Using gRPC by default means you are using Protobuf.

backplane vs motherboard

A backplane is a printed circuit board just like a computer's motherboard, but lacks the on-board processing and storage elements. A motherboard aggregates all of the computer's primary system components on a single printed circuit board, whereas a backplane is a board with no little or no active circuitry.

The backplane is a printed circuit board containing connections (slots) for expansion boards and allows for communication between all connected boards.

A backplane is generally differentiated from a motherboard by the lack of on-board processing and storage elements.

chip vs integrated circuit

An integrated circuit a set of electronic circuits on one small flat piece (or "chip") of semiconductor material, usually silicon.

A chip is a common term used for Integrated circuits.

E.g. memory chip, cpu/microprocessors, chipset on the motherboard

Character device vs block device

When you run $ cat /proc/devices, you will find devices are put in 2 categories: block devices and character devices.

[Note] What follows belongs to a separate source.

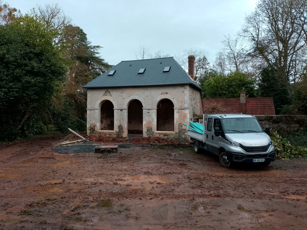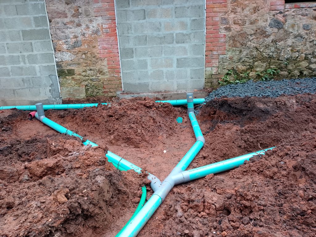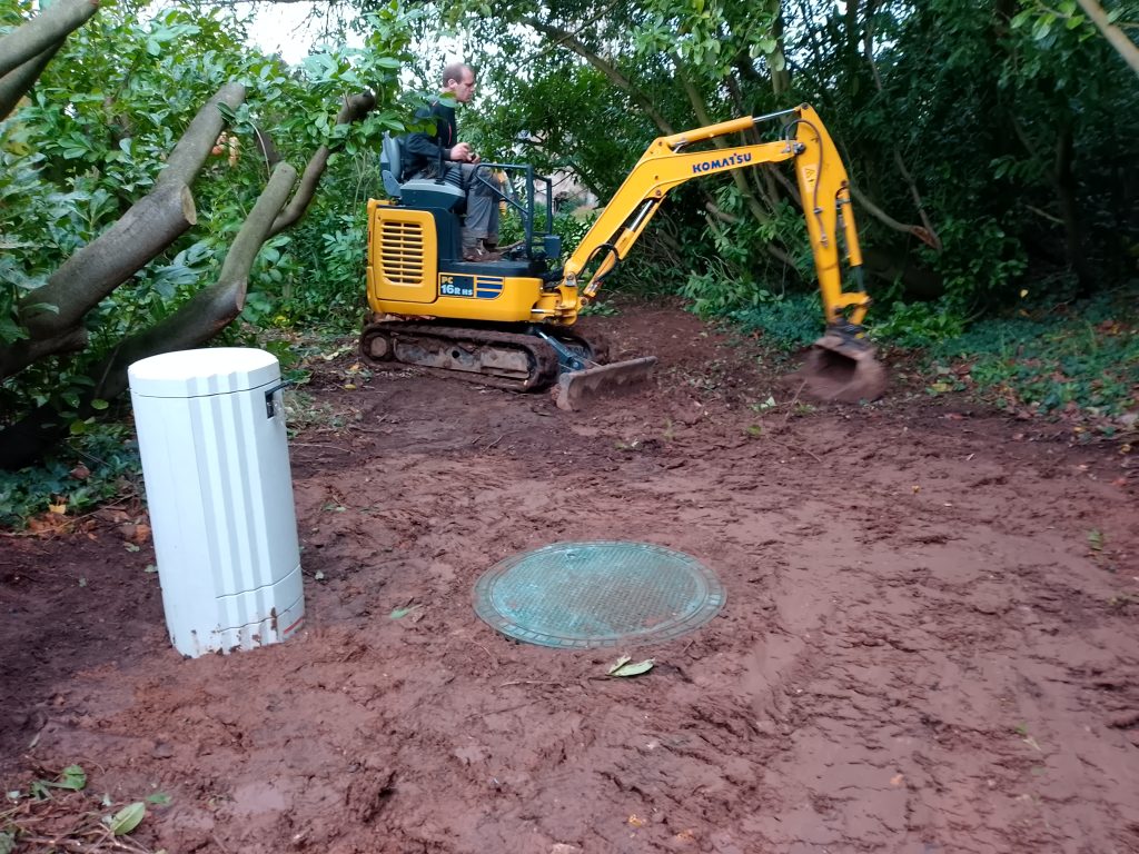 Un exemple de pose d'une micro-station Graf easyOne 7 EH agréée ( selon notre étude de sol et de définition de filière ), en compagnie de la SARL Fossey Le Blond TP de Saint-Georges-Montcocq :

How are they different?

  • Character devices: process data in its raw, individual form, and are used for devices like serial ports, keyboards, and mice. They provide direct access to the hardware device, and allow programs to transmit data between the disk and the user's buffer.
  • Block devices: manage data in fixed-size blocks, and are used for mass storage. They provide buffered access to hardware devices, and allow programmers to read or write blocks of any size. Block devices are used for devices like hard disks, floppy disks, CD-ROMs, SSDs, and flash drives.

In file mode, b = block device, c = character device.

Block devices transfer data in whole data buffers at a time, while character devices send and receive data in single character chunks.